Task requirements:
Begin at the first line of the data and copy each line through the one containing "NZ Greenstone Pounamu", that line included, with no pictures.

START Information shown

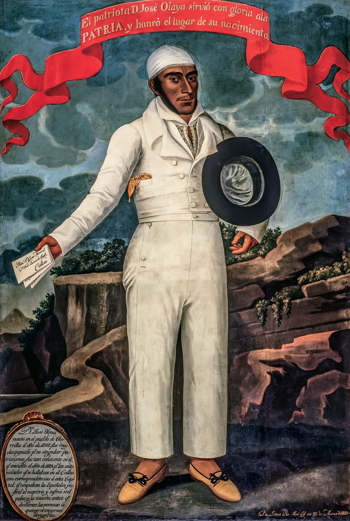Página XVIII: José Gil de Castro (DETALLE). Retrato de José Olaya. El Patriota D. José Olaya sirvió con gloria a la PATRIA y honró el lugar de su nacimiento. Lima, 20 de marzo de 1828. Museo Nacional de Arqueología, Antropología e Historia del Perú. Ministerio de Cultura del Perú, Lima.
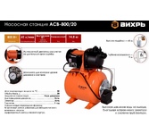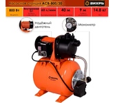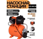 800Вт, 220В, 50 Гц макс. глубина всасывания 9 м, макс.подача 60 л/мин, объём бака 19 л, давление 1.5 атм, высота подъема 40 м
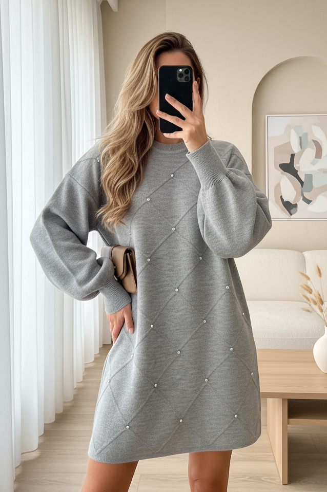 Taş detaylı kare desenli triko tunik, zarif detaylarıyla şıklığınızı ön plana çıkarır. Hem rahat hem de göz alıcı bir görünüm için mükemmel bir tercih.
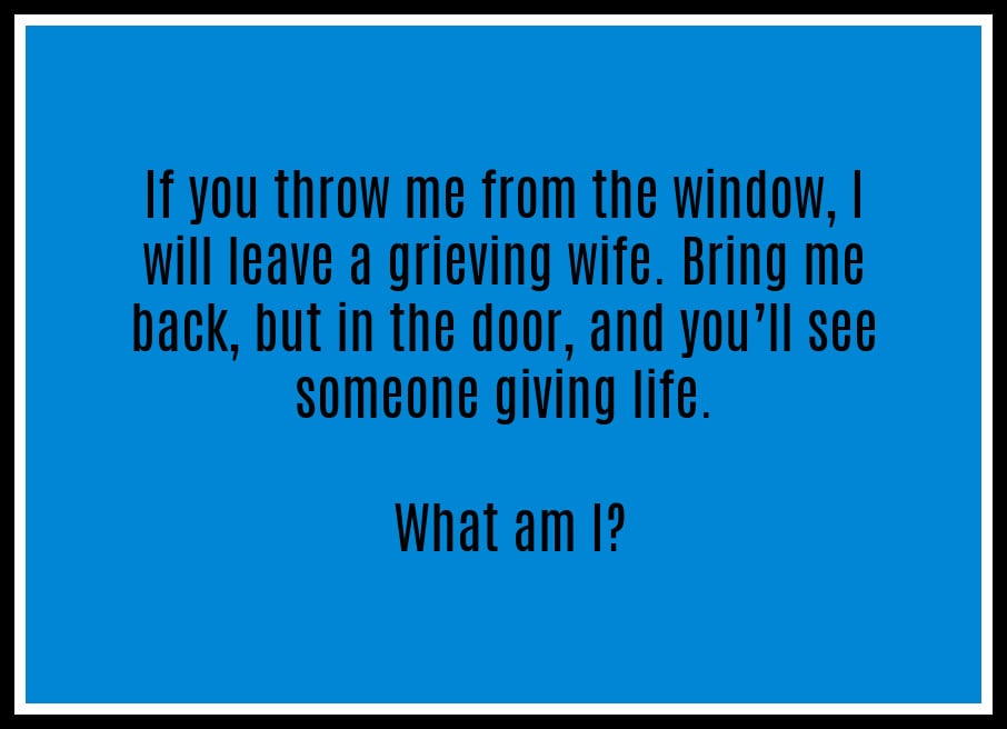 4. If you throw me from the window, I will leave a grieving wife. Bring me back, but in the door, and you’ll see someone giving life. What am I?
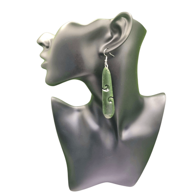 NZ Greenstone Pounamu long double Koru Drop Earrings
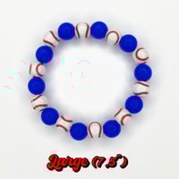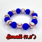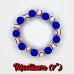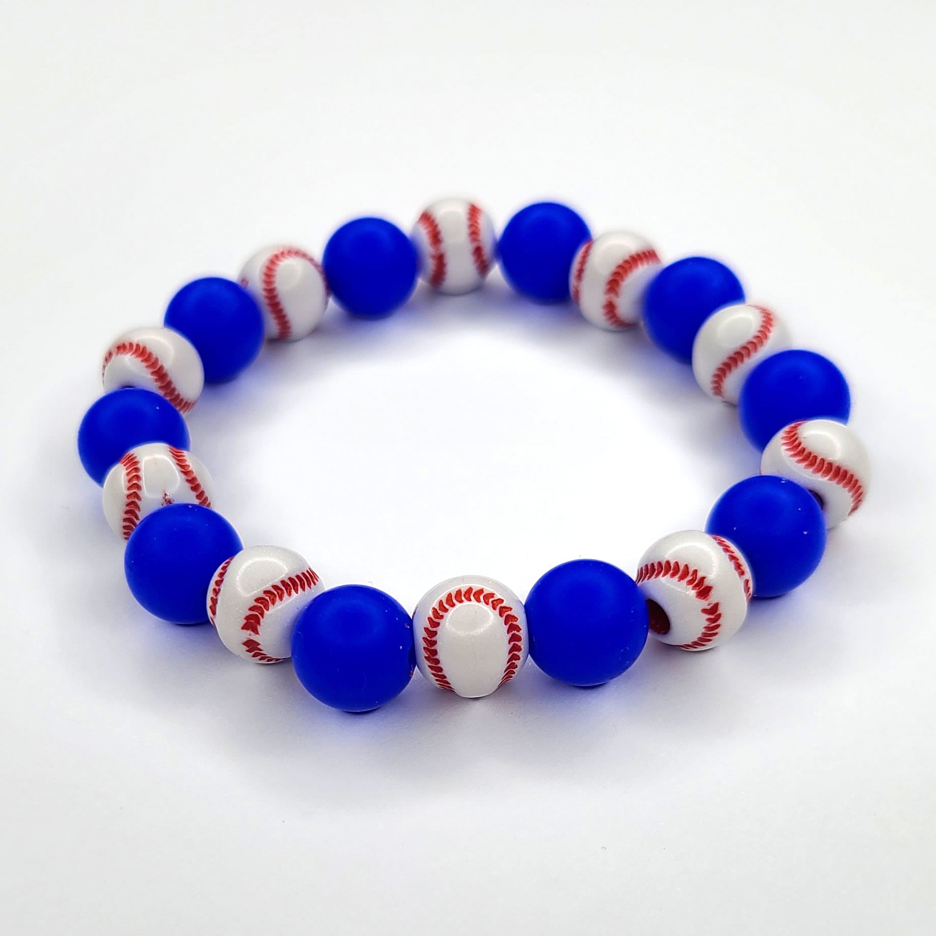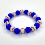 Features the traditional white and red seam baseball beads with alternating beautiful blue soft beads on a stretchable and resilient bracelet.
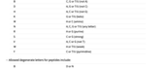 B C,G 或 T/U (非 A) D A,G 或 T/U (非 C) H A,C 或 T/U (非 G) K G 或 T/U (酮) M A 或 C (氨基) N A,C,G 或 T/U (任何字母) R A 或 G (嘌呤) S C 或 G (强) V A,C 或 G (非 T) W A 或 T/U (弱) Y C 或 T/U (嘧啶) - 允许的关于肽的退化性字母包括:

END Information shown

Result:
Página XVIII: José Gil de Castro (DETALLE). Retrato de José Olaya. El Patriota D. José Olaya sirvió con gloria a la PATRIA y honró el lugar de su nacimiento. Lima, 20 de marzo de 1828. Museo Nacional de Arqueología, Antropología e Historia del Perú. Ministerio de Cultura del Perú, Lima.
 800Вт, 220В, 50 Гц макс. глубина всасывания 9 м, макс.подача 60 л/мин, объём бака 19 л, давление 1.5 атм, высота подъема 40 м
 Taş detaylı kare desenli triko tunik, zarif detaylarıyla şıklığınızı ön plana çıkarır. Hem rahat hem de göz alıcı bir görünüm için mükemmel bir tercih.
 4. If you throw me from the window, I will leave a grieving wife. Bring me back, but in the door, and you’ll see someone giving life. What am I?
 NZ Greenstone Pounamu long double Koru Drop Earrings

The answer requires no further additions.